**Data:**
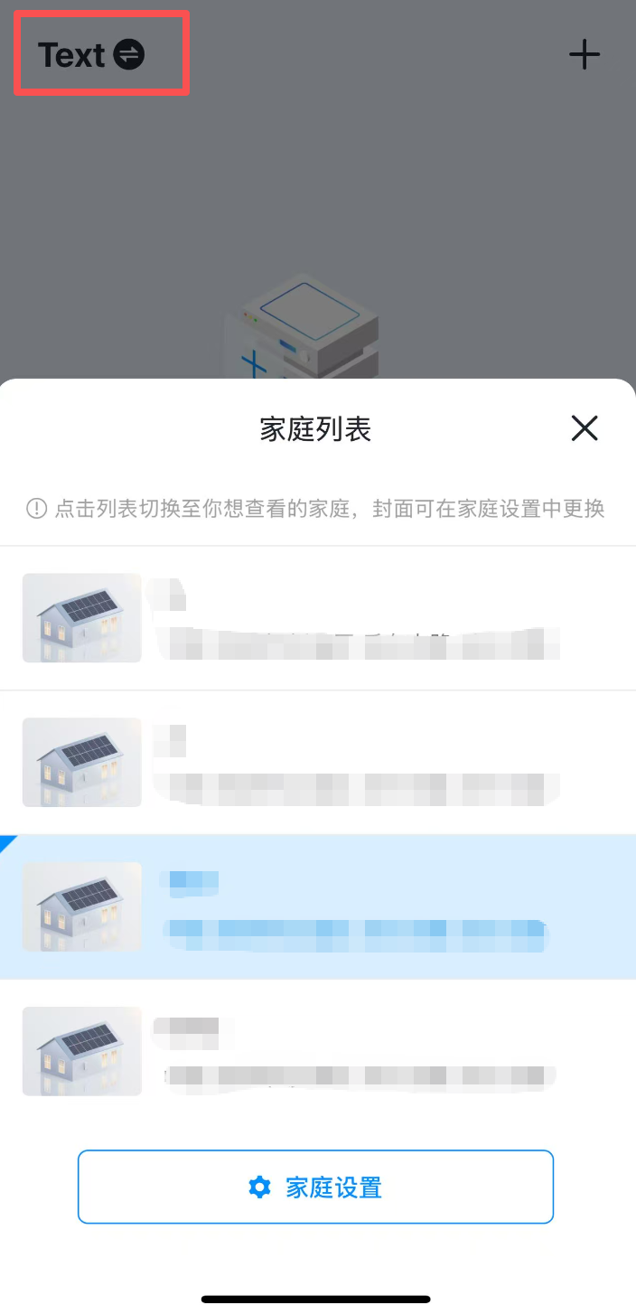 请点击到家庭板块,点击左上角的电站名称进行切换。
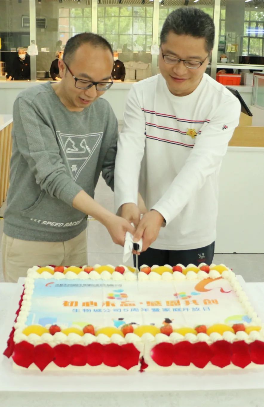 家庭共創(chuàng )游戲結束后,公司領(lǐng)導及全員一起切蛋糕、吹蠟燭,舉杯同慶生物城公司5周年生日快樂(lè )。
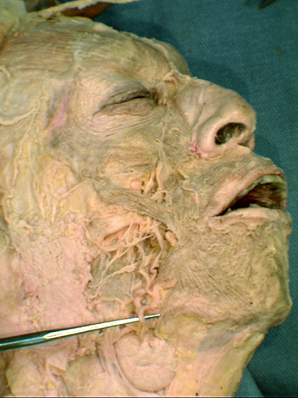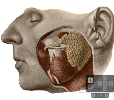 It is embedded in a groove on the under surface of the submaxillary gland. It then curves upward over the body of the lower jaw
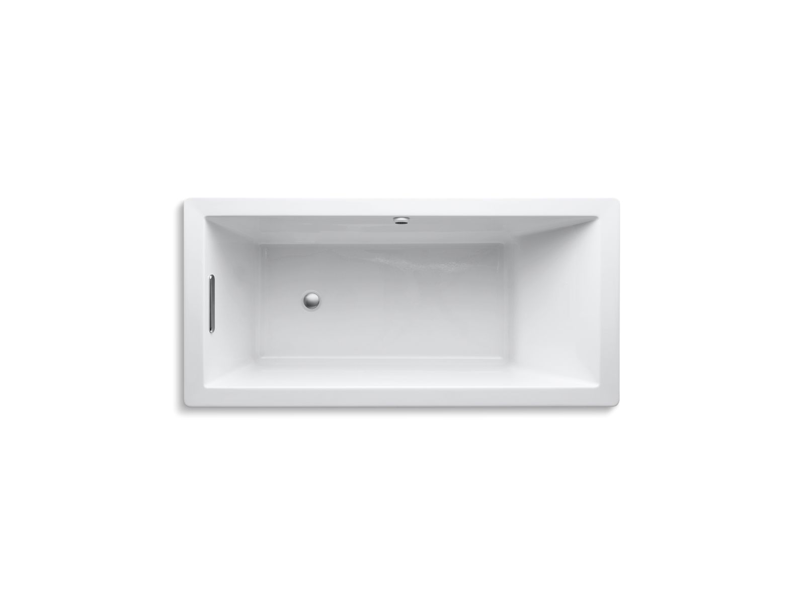 Streamlined for simplicity, this Underscore bath exudes refined style with contemporary flair. Its heated surface warms the back and neck with adjustable temperature settings to create a soothing, spa-like environment. A slotted overflow drain allows for a luxuriously deep bath as you relax against the comfortable sloped backrest.
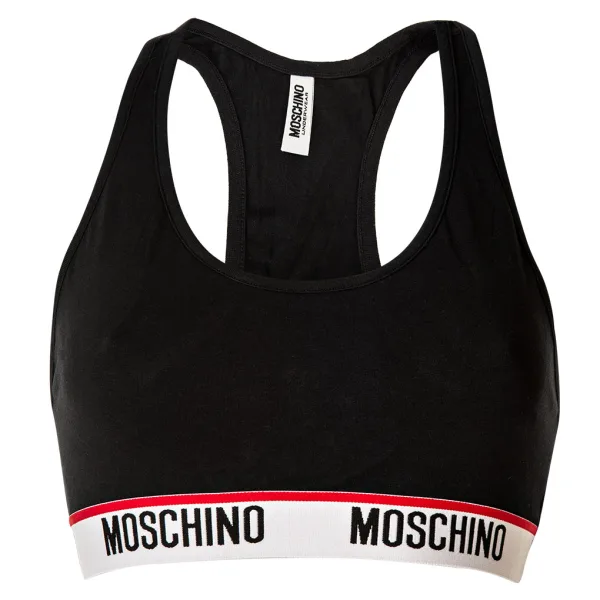 Lichte dames bustier van het merk MOSCHINO. Aangenaam zachte katoenkwaliteit. Zonder beugels en ongevuld. Onderband met MOSCHINO-logo.

**Activity:** None of the pictures should be reproduced; all other material above must be set down exactly.

**Answer to this exercise:**
 请点击到家庭板块,点击左上角的电站名称进行切换。
 家庭共創(chuàng )游戲結束后,公司領(lǐng)導及全員一起切蛋糕、吹蠟燭,舉杯同慶生物城公司5周年生日快樂(lè )。
 It is embedded in a groove on the under surface of the submaxillary gland. It then curves upward over the body of the lower jaw
 Streamlined for simplicity, this Underscore bath exudes refined style with contemporary flair. Its heated surface warms the back and neck with adjustable temperature settings to create a soothing, spa-like environment. A slotted overflow drain allows for a luxuriously deep bath as you relax against the comfortable sloped backrest.
 Lichte dames bustier van het merk MOSCHINO. Aangenaam zachte katoenkwaliteit. Zonder beugels en ongevuld. Onderband met MOSCHINO-logo.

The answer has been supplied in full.